**Exercise data:**

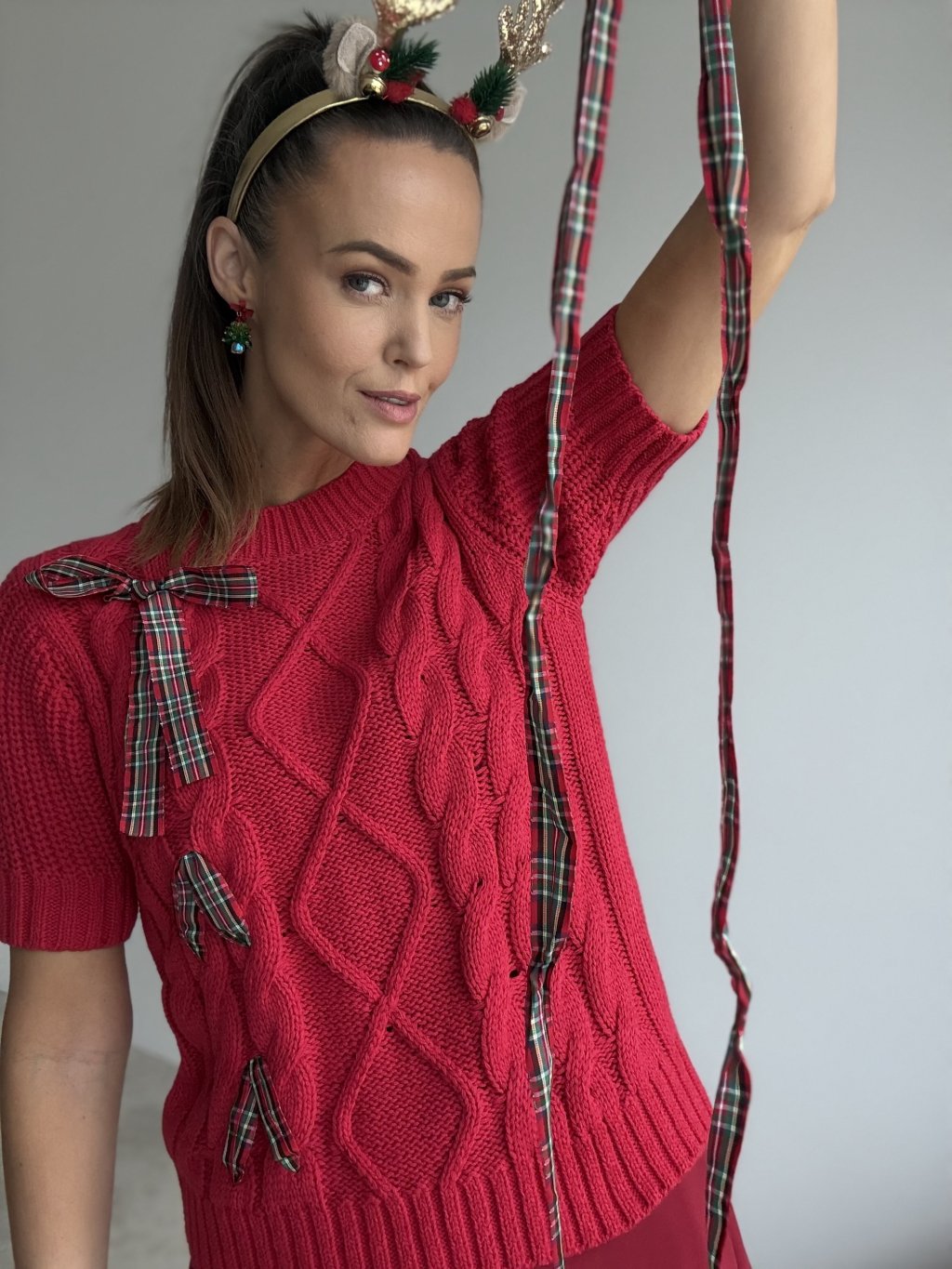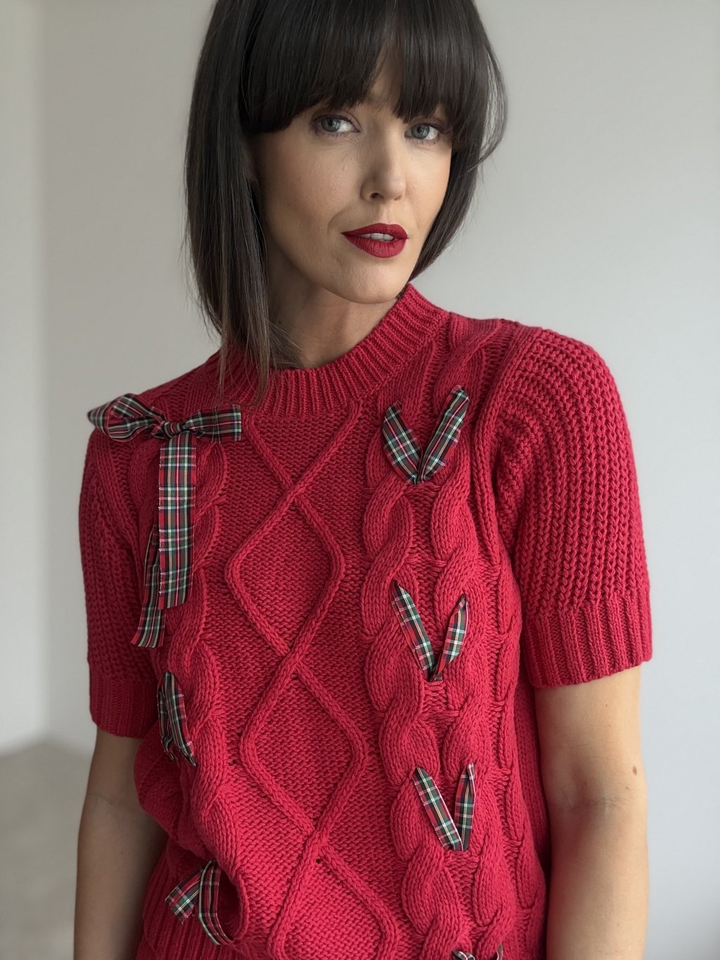 Pletený pulóver s kratším rukávom, vrkočovým vzorom a dekoratívnymi mašľami z kockovanej stuhy, ktorý dodá outfitu hravý, sviatočný a pritom stále elegantný vzhľad.
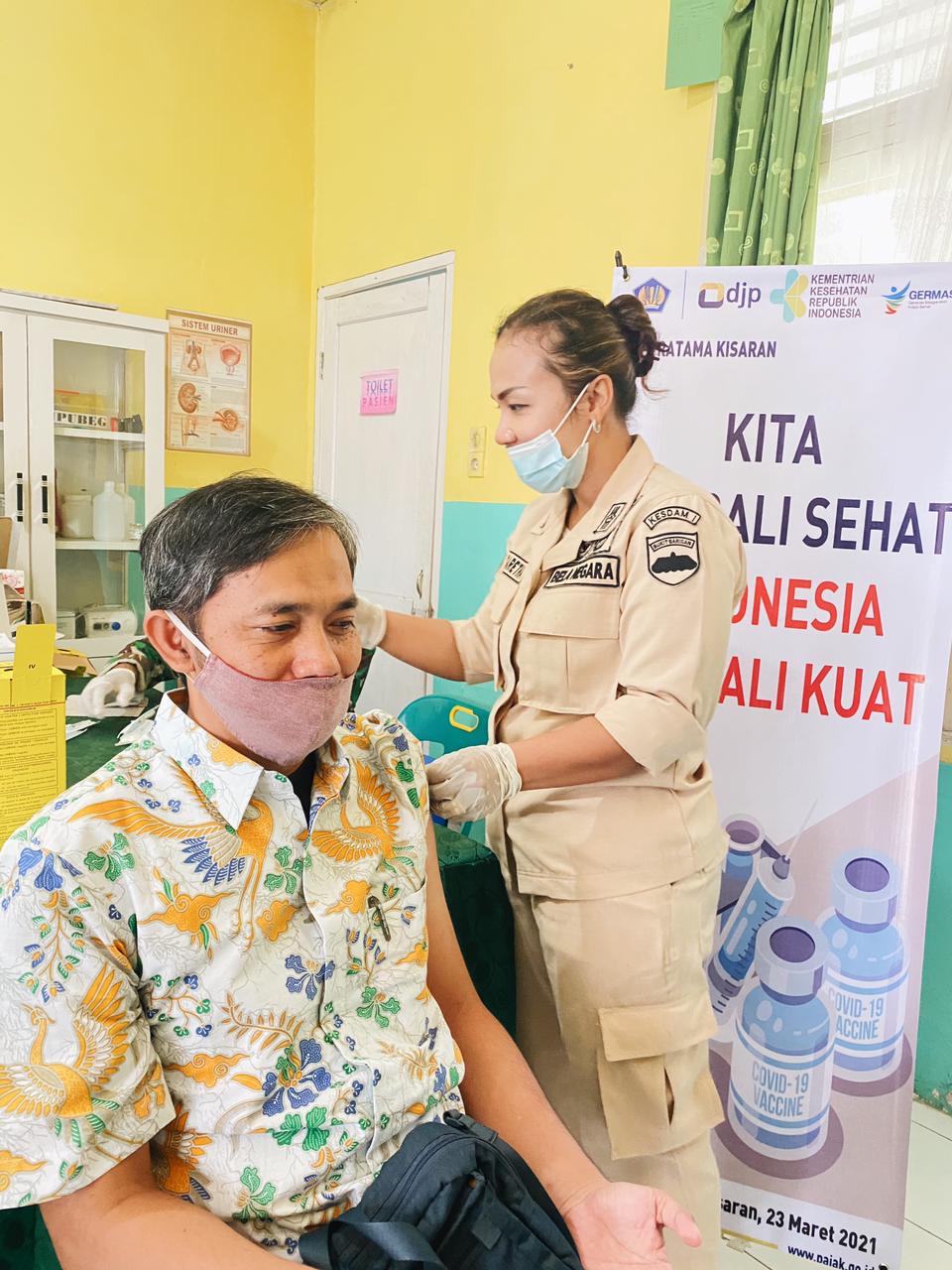 Pegawai Kantor Pelayanan Pajak (KPP) Pratama Kisaran menerima vaksinasi Covid-19 di Rumah Sakit Bantu (Rumkitban) 01.08.01 Kisaran, Jalan Latsitarda VIII Kisaran Naga, Kisaran, Kabupaten Asahan, Sumatera Utara (Selasa, 23/3). Sebanyak 106 pegawai menerima vaksinasi pertama Covid-19. Kegiatan berlangsung mulai pukul 08.00 sampai dengan 15.00 WIB.
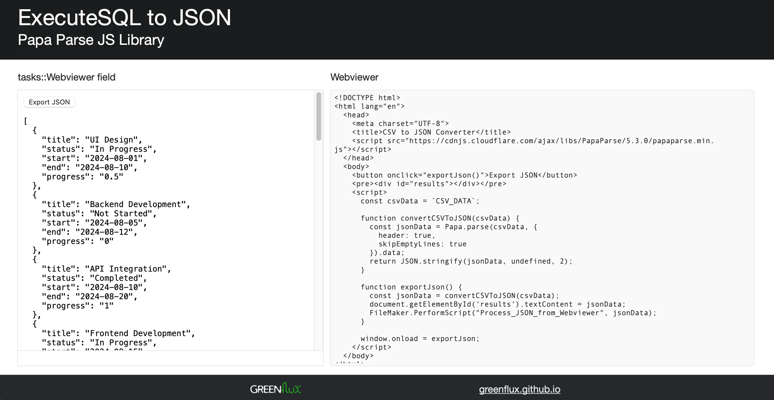SQL to JSON in FileMaker using Papa Parse
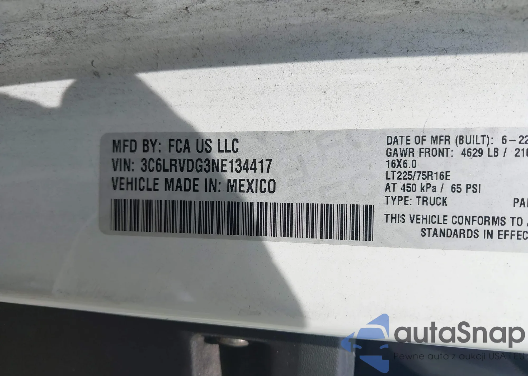 • VIN 3C6LRVDG3NE134417
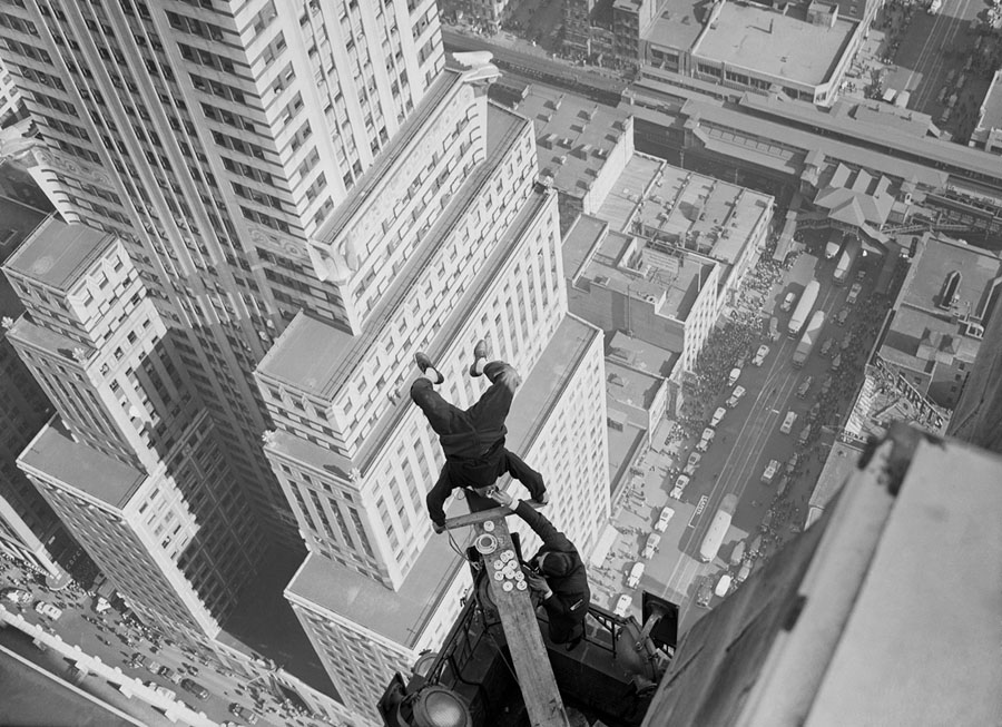 Read moreOriginal caption: Alvin "Shipwreck" Kelly celebrates Friday the 13th in October of 1939 by standing on his head on a board stuck out from the 54th floor of the Chanin Building, and dunking doughnuts over Manhattan. #
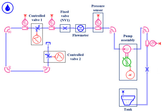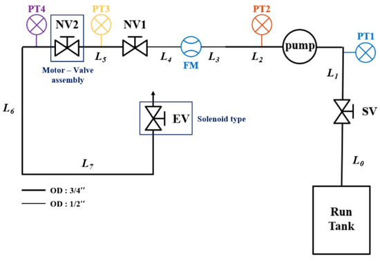 To measure the differential pressure across each component, pressure sensors (PT1–PT4) were installed at the inlet and outlet of each component. The pressure measurement locations are indicated in Figure 8. Measurements of pressure are taken at the pump inlet (PT1), pump outlet (PT2), NV2 inlet (PT3), and needle NV2 outlet (PT4). The sensors used are the “PSH” series from Sensys, with an accuracy of 0.15%. Additionally, a flowmeter is installed in the pipe (FM1) connected to the pump outlet to measure the system flow rate. The flowmeter used is the turbine-type model “FT–10” from FTI Flow Technology, with an accuracy of 0.05%. To prevent data distortion, the data were sampled at 10 kHz using a National Instruments (NI) DAQ (USB-6216).
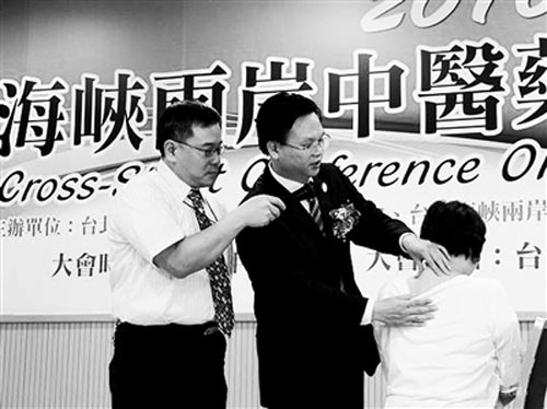 近日,由廣西醫(yī)師協(xié)會、廣西中醫(yī)藥學(xué)會、臺北中醫(yī)師公會、臺灣海峽兩岸醫(yī)藥合作協(xié)會共同舉辦的2010年海峽兩岸中醫(yī)藥學(xué)術(shù)大會在臺大醫(yī)院舉行。這是與會專家現(xiàn)場演示按摩醫(yī)治手法。 劉 巖攝

**What to work on:** Every line between the start of the listing and the line containing "Read moreOriginal caption: Alvin", both ends counted, needs to be printed exactly, minus the pictures.

**Solution for this task:**
 Pletený pulóver s kratším rukávom, vrkočovým vzorom a dekoratívnymi mašľami z kockovanej stuhy, ktorý dodá outfitu hravý, sviatočný a pritom stále elegantný vzhľad.
 Pegawai Kantor Pelayanan Pajak (KPP) Pratama Kisaran menerima vaksinasi Covid-19 di Rumah Sakit Bantu (Rumkitban) 01.08.01 Kisaran, Jalan Latsitarda VIII Kisaran Naga, Kisaran, Kabupaten Asahan, Sumatera Utara (Selasa, 23/3). Sebanyak 106 pegawai menerima vaksinasi pertama Covid-19. Kegiatan berlangsung mulai pukul 08.00 sampai dengan 15.00 WIB.
SQL to JSON in FileMaker using Papa Parse
 • VIN 3C6LRVDG3NE134417
 Read moreOriginal caption: Alvin "Shipwreck" Kelly celebrates Friday the 13th in October of 1939 by standing on his head on a board stuck out from the 54th floor of the Chanin Building, and dunking doughnuts over Manhattan. #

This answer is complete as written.